The above actions should not be trivialized and there are certainly positive changes to come. At some point, however, Minister McCallum and the government need to turn its collective mind to legislative immigration reform. There are many sections of the Immigration and Refugee Protection Act (IRPA), its Regulations and the Citizenship Act that simply need to be amended or repealed. Here is a list of low-hanging fruit:

  • Amend or repeal the changes to the Citizenship Act (Bill C-24) which created “second-class” citizens and, in my view, is antithetical to what it means to be Canadian. Mitch Goldberg rightly pointed out that the provisions put every Canadian Jew at risk.
  • Reversing the change in age of a “dependent child” in section 2 of IRPA. Previously, the definition took into account the reality that students in full-time studies over the age of 19 remain dependent upon their parents.
  • Amend or repeal the Faster Removal of Foreign Criminals Act which has, in too many cases, transferred the burden of assessing whether a Permanent Resident should be allowed to stay in Canada (often with his/her family) from a tribunal that could hear testimony and properly assess the circumstances to a CBSA Officer who mostly concerned with enforcement.

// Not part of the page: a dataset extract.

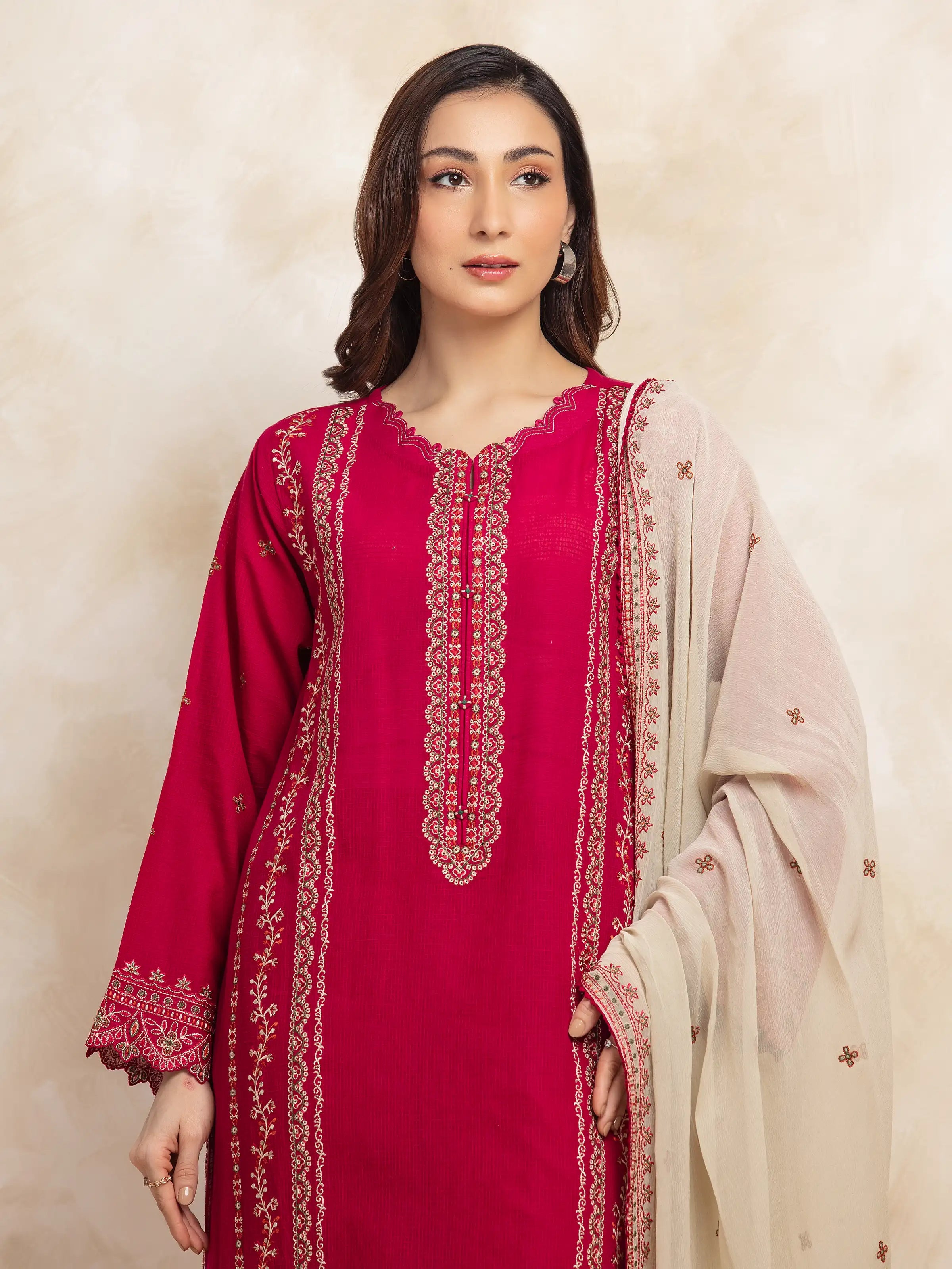 edenrobe Premium Festive Unstitched Slub Lawn 3Pc Suit EWU5V1-31238
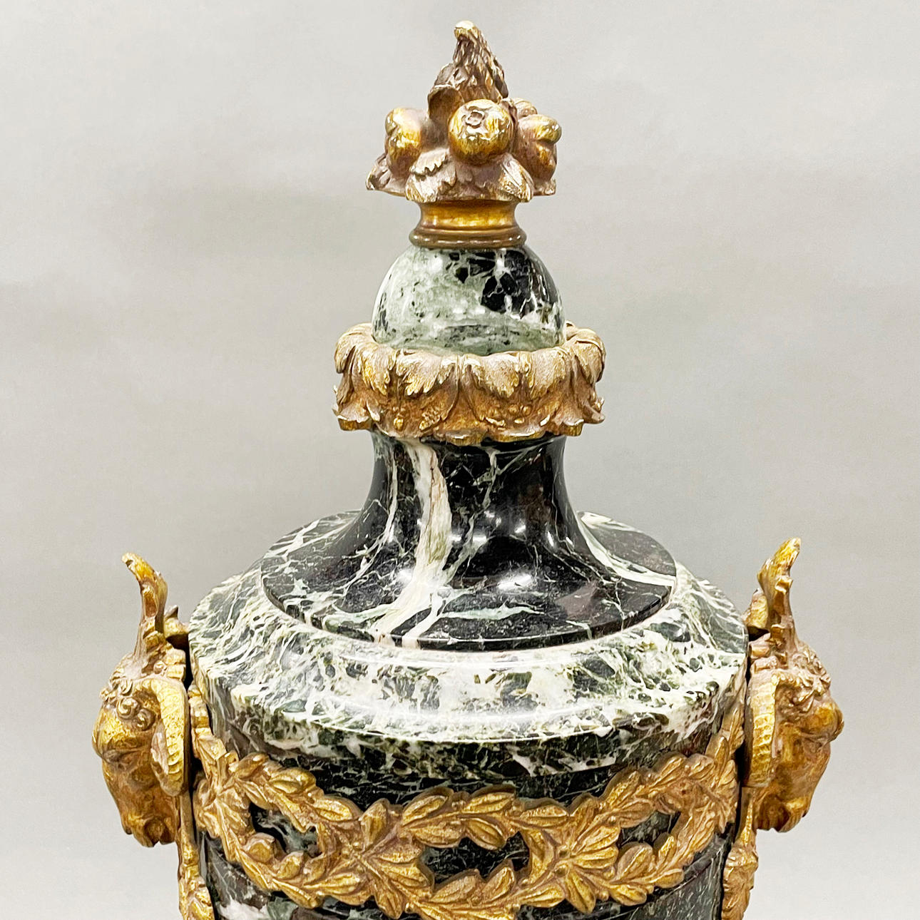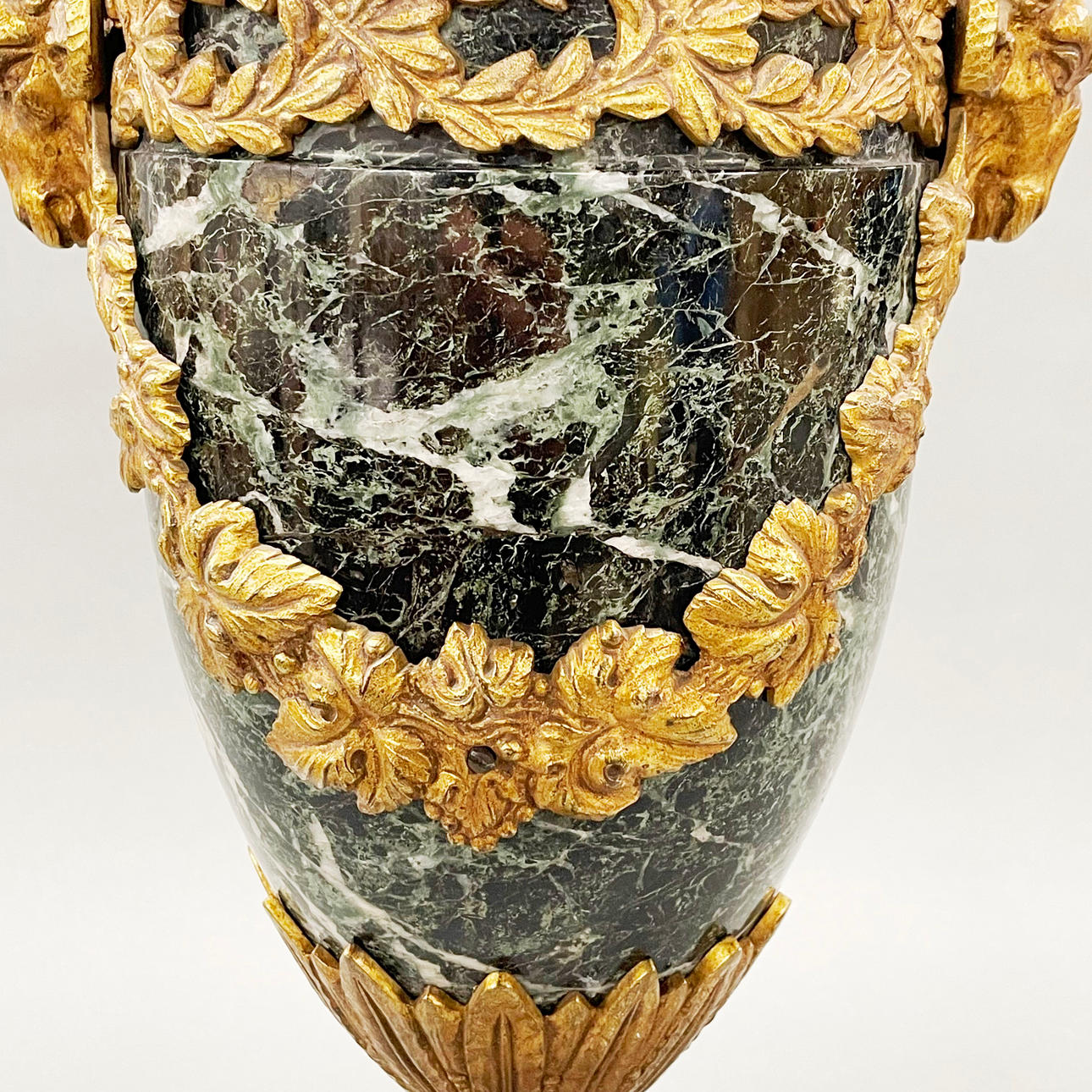 Imponerande ormolumonterad marmorgarnityr, höjd 55cm.

  • Amend or repeal the 1 year ban on filing Humanitarian & Compassionate (H&C) applications for failed refugee claimants. It has become very clear that there are significant cases where individuals may fail to meet the oft-high bar of satisfying a Member they are refugees (per sections 96 or 97 of IRPA) but, at the same time, there is significant hardship to merit a successful H&C application.
  • Make the Open Spousal Work Permit permanent. After its first year, it was clearly a huge success. Many couples in Canada from benefited from the program and, in a small way, the Canadian economy has benefited. Instead of extending the “pilot program” into a second year, just make it permanent.

The list is short, with broad public support, so it seems fitting to call it “low hanging fruit”. I believe Minister McCallum was on the Standing Committee that considered Bill C-24 so he is well-acquainted with the issues on that point. In addition, the above changes would mean significant immigration reform that would have a positive impact on many individuals, including Canadian citizens (who are often unaware of immigration law), Permanent Residents of Canada and other people. Minister McCallum can pick this fruit, win some advocates and muster up momentum to tackle some of the more thorny issues (off the top of my head: LMIA, EE, s.34(1)(f), DCOs, s.117(9)(d), etc.). I will leave my comments on these for future posts.